So there had been a letter. Soon, no doubt, light would be vouchsafed him, and meanwhile this was so strangely, touchingly sweet, this holding his Rose to his heart again after all the years, that he couldn’t bother to try to guess anything. Oh, he had been happy during these years, because it was not in him to be unhappy; besides, how many interests life had had to offer him, how many friends, how much success, how many women only too willing to help him to blot out the thought of the altered, petrified, pitiful little wife at home who wouldn’t spend his money, who was appalled by his books, who drifted away and away from him, and always if he tried to have it out with her asked him with patient obstinacy what he thought the things he wrote and lived by looked in the eyes of God. “No one,” she said once, “should ever write a book God wouldn’t like to read. That is the test, Frederick.” And he had laughed hysterically, burst into a great shriek of laughter, and rushed out of the house, away from her solemn little face—away from her pathetic, solemn little face. . .

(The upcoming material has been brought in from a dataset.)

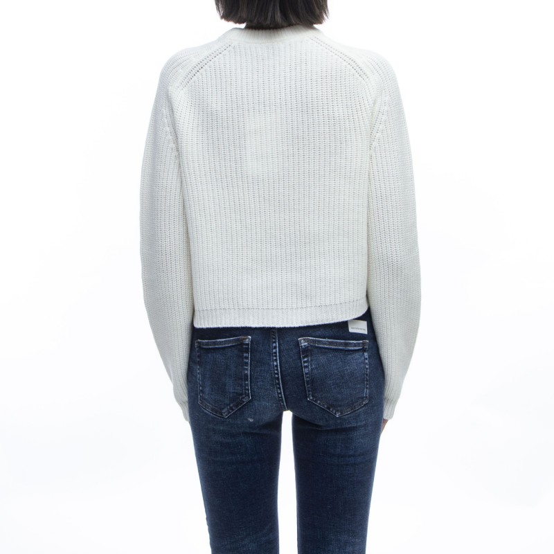 - Gerippter Kragen, Ärmelbündchen und Saum.

But this Rose was his youth again, the best part of his life, the part of it that had had all the visions in it and all the hopes. How they had dreamed together, he and she, before he struck that vein of memoirs; how they had planned, and laughed and loved. They had lived for a while in the very heart of poetry. After the happy days came the happy nights, the happy, happy nights, with her asleep close against his heart, with her when he woke in the morning still close against his heart, for they hardly moved in their deep, happy sleep. It was wonderful to have it all come back to him at the touch of her, at the feel of her face against his—wonderful that she should be able to give him back his youth.
“Sweetheart—sweetheart,” he murmured, overcome by remembrance, clinging to her now in his turn.
“Beloved husband,” she breathed—the bliss of it—the sheer bliss . . .
Briggs, coming in a few minutes before the gong went on the chance that Lady Caroline might be there, was much astonished. He had supposed Rose Arbuthnot was a widow, and he still supposed it; so that he was much astonished.
“Well I’m damned,” thought Briggs, quite clearly and distinctly, for the shock of what he saw in the window startled him so much that for a moment he was shaken free of his own confused absorption.
Aloud he said, very red, “Oh I say—I beg your pardon”—and then stood hesitating, and wondering whether he oughtn’t to go back to his bedroom again.
If he had said nothing they would not have noticed he was there, but when he begged their pardon Rose turned and looked at him as one looks who is trying to remember, and Frederick looked at him too without at first quite seeing him.
They didn’t seem, thought Briggs, to mind or to be at all embarrassed. He couldn’t be her brother; no brother ever brought that look into a woman’s face. It was very awkward. If they didn’t mind, he did. It upset him to come across his Madonna forgetting herself.